Coach Chad Berman (right) and player Corey Hirsch of the UA hockey team
Coach Chad Berman (right) and player Corey Hirsch of the UA hockey team

UA Wildcats Hockey: The Team That Keeps on Giving

Coach Chad Berman and his players are serious about outreach and the American Collegiate Hockey Association has taken notice, presenting them with the Community Service Award for 2016-2017.
June 7, 2017
Extra Info: 

For more about Arizona Wildcats hockey, go to http://www.arizonawildcathockey.org/.

The Wildcats' work off the ice was rewarded this year with the Community Service Award from the American Collegiate Hockey Association.
The Wildcats' work off the ice was rewarded this year with the Community Service Award from the American Collegiate Hockey Association.

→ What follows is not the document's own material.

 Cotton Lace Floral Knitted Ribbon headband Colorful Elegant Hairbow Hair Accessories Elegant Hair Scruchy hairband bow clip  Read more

The University of Arizona has had a club hockey team for nearly 40 years, but it's not as if the campus is bursting with awareness.

"We have a hockey team here?" is something that the team's players hear regularly, prompted simply by their wearing of an "Arizona Hockey" shirt.

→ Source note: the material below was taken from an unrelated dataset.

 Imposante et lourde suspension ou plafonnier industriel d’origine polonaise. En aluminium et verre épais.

It doesn't help that up the road, Arizona State University made hockey a varsity sport three years ago and is now playing an NCAA Division I schedule. Or that the NHL's Arizona Coyotes, based in metro Phoenix, chose Tucson as the location for their top minor-league affiliate before the 2016-2017 season — a mixed blessing for the UA team, which sometimes has to settle for less-desirable home dates.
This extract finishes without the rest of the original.